OLD Question 11: Old AIX version:On AIX 5.3 ML6, nmon output files contain zeros, missing CPU stats, corrupt ZZZ lines and "nfs" strings found in the stats?
- This is yet another bug in the AIX libperfstat library at this ML6. The NFS data returned to nmon is corrupt and these characters may be output directly from the library (very bad form chaps!). The work around is:
- Do not include NFS statistics (remove the -N)
- Move to nmon12 that codes around these bugs.
OLD Question 12: Old AIX version: Why is the Process memory percentage zero? (same for System and User percent)

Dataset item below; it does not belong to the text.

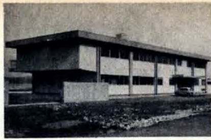
新しくできたモダンな清掃事務所

清掃作業の能率は、まず、衛生的な明るい、作業環境からと、清掃事務局が大里根二理立地先に建設をすすめていた、門司清掃事

- This seems to happen in AIX 5.3 TL07 or there about. In fact, it is the AIX libperfstat library, which nmon uses, that has a bug in it that returns a large negative number for the Process% value. The Process, System and User Percentages are approximations (remember memory has many modes, types and uses and some overlap) and the calculation goes wrong.
- nmon reports this problem by showing 0% - which is clearly impossible.
- The bug was very hard to reproduce and track down because the problem only happens in particular circumstances and changes in memory use (like starting and stopping large memory applications). I am pretty sure you have a good chance of the number being fixed (for at least some time but may reappear), if you reboot the machine/LPAR.
- The fix is to update AIX to AIX 5.3 TL09 (or even better AIX 6) but there may be a PTF or efix. You will have to ask AIX Support by asking for a fix to the libperfstat library to fix the real_system, real_process and real_user members of the perfstat_memory_total_t structure. That will give them the right details to search for in the Retain database. Do not ask for nmon classic support as the answer could be short and/or rude!
- In my experience AIX systems administrators don't like adding these updates to a production machine. So it may be better to just accept that if any of these numbers are zero then do not use any of these percentages.